#### EXCERPTED RECORDS:
· · · · ·

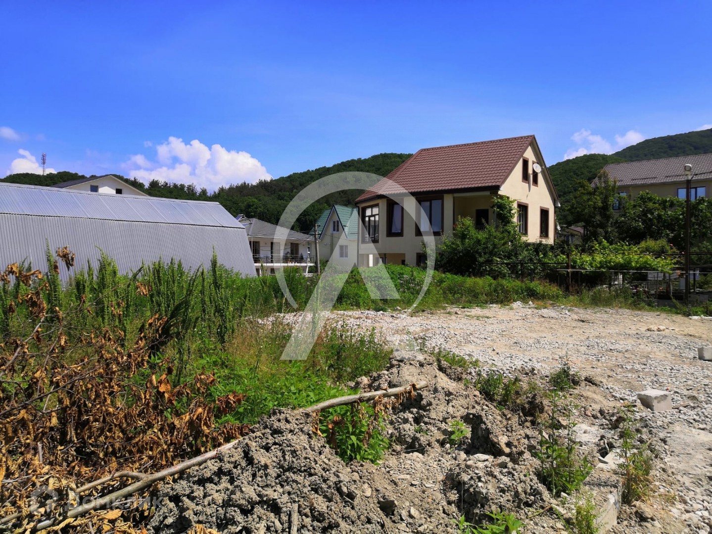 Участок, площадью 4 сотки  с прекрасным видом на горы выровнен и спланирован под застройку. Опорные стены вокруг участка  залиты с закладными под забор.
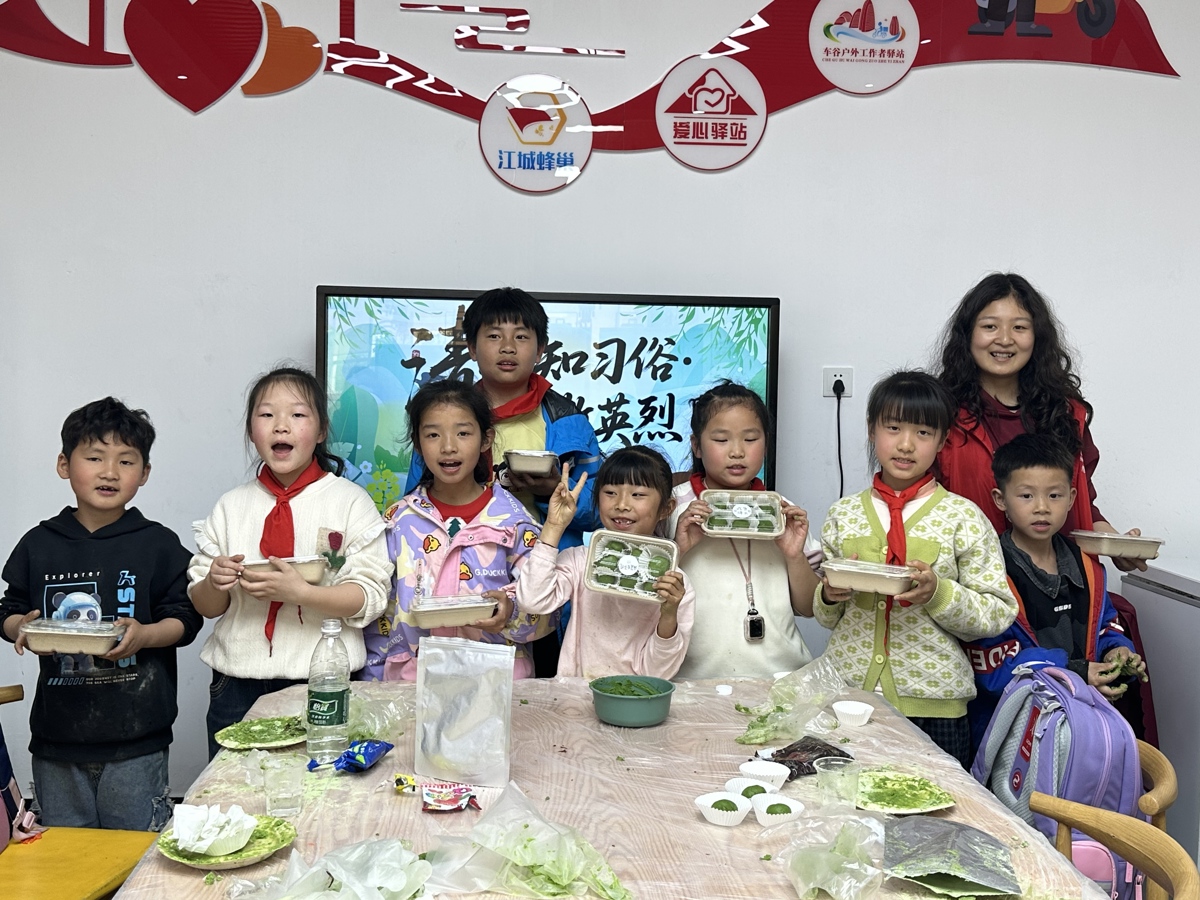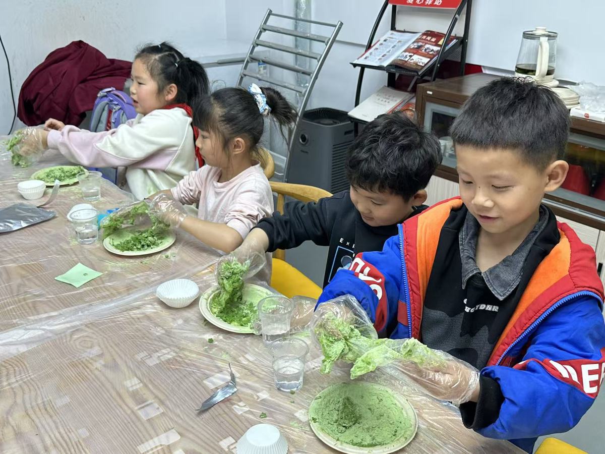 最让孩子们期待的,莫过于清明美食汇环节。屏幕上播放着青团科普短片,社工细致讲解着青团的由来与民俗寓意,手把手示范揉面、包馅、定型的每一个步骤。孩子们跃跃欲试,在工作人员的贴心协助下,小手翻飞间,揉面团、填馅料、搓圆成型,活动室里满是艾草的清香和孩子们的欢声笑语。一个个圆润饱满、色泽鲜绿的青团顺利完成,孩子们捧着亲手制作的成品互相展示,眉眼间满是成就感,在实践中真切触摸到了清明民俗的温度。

· · · · ·

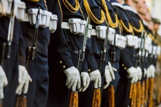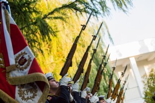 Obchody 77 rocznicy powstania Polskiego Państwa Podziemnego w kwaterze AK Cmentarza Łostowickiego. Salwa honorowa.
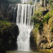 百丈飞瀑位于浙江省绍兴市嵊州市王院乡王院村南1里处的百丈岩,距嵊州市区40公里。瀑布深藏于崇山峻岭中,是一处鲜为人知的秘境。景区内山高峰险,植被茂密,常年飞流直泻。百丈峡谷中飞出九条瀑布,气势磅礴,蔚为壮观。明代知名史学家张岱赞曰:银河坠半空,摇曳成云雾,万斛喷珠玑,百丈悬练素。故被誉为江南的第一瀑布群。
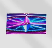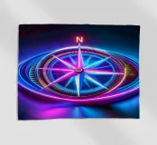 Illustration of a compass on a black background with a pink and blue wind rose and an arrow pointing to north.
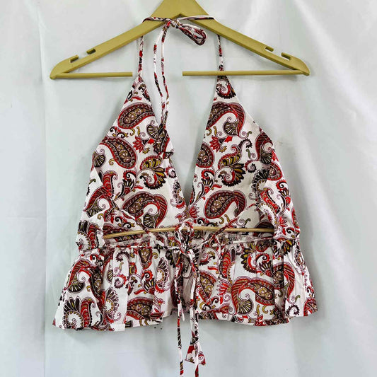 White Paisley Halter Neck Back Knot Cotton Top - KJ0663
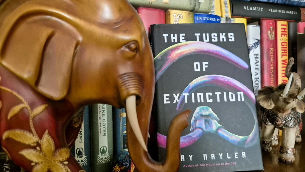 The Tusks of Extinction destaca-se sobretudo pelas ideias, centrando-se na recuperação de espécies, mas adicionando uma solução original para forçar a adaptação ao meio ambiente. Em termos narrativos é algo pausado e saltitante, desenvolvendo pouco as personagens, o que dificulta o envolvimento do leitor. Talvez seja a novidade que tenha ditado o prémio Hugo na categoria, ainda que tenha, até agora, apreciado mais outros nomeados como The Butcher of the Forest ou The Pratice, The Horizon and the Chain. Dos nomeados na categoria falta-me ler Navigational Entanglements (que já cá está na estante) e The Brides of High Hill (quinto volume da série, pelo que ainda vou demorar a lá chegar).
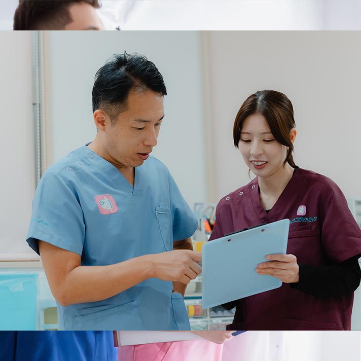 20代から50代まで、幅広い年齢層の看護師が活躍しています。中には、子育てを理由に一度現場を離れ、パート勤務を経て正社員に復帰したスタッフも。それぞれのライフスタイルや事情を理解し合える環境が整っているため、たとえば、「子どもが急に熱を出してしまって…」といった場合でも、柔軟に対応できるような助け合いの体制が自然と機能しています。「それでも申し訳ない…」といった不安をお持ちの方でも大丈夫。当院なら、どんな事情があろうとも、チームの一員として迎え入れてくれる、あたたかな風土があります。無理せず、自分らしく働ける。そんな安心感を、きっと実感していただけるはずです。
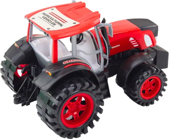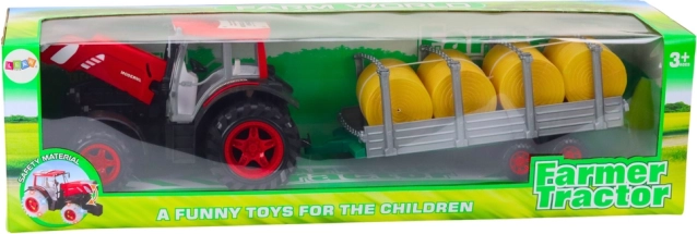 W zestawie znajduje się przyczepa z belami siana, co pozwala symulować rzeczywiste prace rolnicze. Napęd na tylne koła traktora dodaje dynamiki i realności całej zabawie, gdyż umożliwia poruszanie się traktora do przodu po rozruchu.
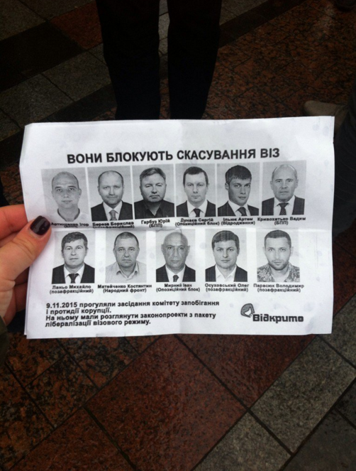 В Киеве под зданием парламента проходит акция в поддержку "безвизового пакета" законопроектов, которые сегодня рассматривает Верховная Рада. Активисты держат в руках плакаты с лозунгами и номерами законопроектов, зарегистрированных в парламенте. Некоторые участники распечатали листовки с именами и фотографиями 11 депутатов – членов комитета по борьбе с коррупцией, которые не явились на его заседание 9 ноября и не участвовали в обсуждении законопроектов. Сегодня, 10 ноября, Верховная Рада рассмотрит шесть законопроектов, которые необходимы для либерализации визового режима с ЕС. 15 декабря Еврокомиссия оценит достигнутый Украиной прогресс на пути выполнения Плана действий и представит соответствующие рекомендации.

· · · · ·

#### YOUR GOAL:
When you reach the line containing "20代から50代まで、幅広い" in the entries above, begin restating word for word, and stop once the line containing "В Киеве под" has been given. Omit the pictures.

#### ANSWER TO THE PROBLEM:
 20代から50代まで、幅広い年齢層の看護師が活躍しています。中には、子育てを理由に一度現場を離れ、パート勤務を経て正社員に復帰したスタッフも。それぞれのライフスタイルや事情を理解し合える環境が整っているため、たとえば、「子どもが急に熱を出してしまって…」といった場合でも、柔軟に対応できるような助け合いの体制が自然と機能しています。「それでも申し訳ない…」といった不安をお持ちの方でも大丈夫。当院なら、どんな事情があろうとも、チームの一員として迎え入れてくれる、あたたかな風土があります。無理せず、自分らしく働ける。そんな安心感を、きっと実感していただけるはずです。
 W zestawie znajduje się przyczepa z belami siana, co pozwala symulować rzeczywiste prace rolnicze. Napęd na tylne koła traktora dodaje dynamiki i realności całej zabawie, gdyż umożliwia poruszanie się traktora do przodu po rozruchu.
 В Киеве под зданием парламента проходит акция в поддержку "безвизового пакета" законопроектов, которые сегодня рассматривает Верховная Рада. Активисты держат в руках плакаты с лозунгами и номерами законопроектов, зарегистрированных в парламенте. Некоторые участники распечатали листовки с именами и фотографиями 11 депутатов – членов комитета по борьбе с коррупцией, которые не явились на его заседание 9 ноября и не участвовали в обсуждении законопроектов. Сегодня, 10 ноября, Верховная Рада рассмотрит шесть законопроектов, которые необходимы для либерализации визового режима с ЕС. 15 декабря Еврокомиссия оценит достигнутый Украиной прогресс на пути выполнения Плана действий и представит соответствующие рекомендации.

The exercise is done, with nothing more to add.